Looking at him in that coffin, seeming so peaceful and at rest, I could almost believe that he was only sleeping. Looking closer, it was easier to tell he wasn't. His skin was way too pale under the make up being used to give him the look of some color. His mouth was a paler pink than it had been in life and with his pale blond dyed hair resting on his forehead, I felt that sudden warning burn of tears in the back of my throat. I shut my eyes tightly, stepped backwards and took a deep breath, trying to remember Dylan as he had been. The Dylan who had always treated me like his little sister and not an annoying pest who was always in his house. The Dylan who took care of me and Jared with no complaints when we were younger. The Dylan who had been so full of life and too young to die. A tear escaped my closed eyes and slid down my face as someone touched my elbow.

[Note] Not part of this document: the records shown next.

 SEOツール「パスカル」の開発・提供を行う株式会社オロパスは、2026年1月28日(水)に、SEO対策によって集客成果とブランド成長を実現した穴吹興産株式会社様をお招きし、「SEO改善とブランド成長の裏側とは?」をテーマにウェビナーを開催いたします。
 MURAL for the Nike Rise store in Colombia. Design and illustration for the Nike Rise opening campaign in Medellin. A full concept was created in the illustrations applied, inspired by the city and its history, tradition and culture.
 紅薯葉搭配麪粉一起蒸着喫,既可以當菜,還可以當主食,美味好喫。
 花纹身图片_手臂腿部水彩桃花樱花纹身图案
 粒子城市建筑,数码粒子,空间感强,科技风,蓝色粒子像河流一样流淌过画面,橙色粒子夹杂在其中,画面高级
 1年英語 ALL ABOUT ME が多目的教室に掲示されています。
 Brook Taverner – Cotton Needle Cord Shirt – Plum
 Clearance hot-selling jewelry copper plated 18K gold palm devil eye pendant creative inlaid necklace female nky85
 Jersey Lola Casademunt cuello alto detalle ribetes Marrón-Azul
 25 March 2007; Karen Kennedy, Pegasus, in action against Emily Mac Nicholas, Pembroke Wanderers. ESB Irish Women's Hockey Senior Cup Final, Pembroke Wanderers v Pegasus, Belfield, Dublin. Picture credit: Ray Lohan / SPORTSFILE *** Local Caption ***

I turned and opened my eyes to find my mom waiting for me. “We have to head out to the car,” she said softly. “They need to take the coffin to the cemetery.” I just nodded at her blankly; feeling stiff and statue like as she walked me out to the car.

*          *          *          *          *         

The burial seemed to pass by in a silent blur for me. I saw people step up next to Dylan's picture and mouth's moving, but I didn't really hear what they said. I was hardly aware of anything, keeping my focus on Dylan's smiling faced picture. When I did finally realize what was happening around me, they had lowered his coffin into its burial place and people were beginning to leave. My mom had left again to comfort her friends as she walked them to their car and for a minute I stood in silence, biding Dylan goodbye.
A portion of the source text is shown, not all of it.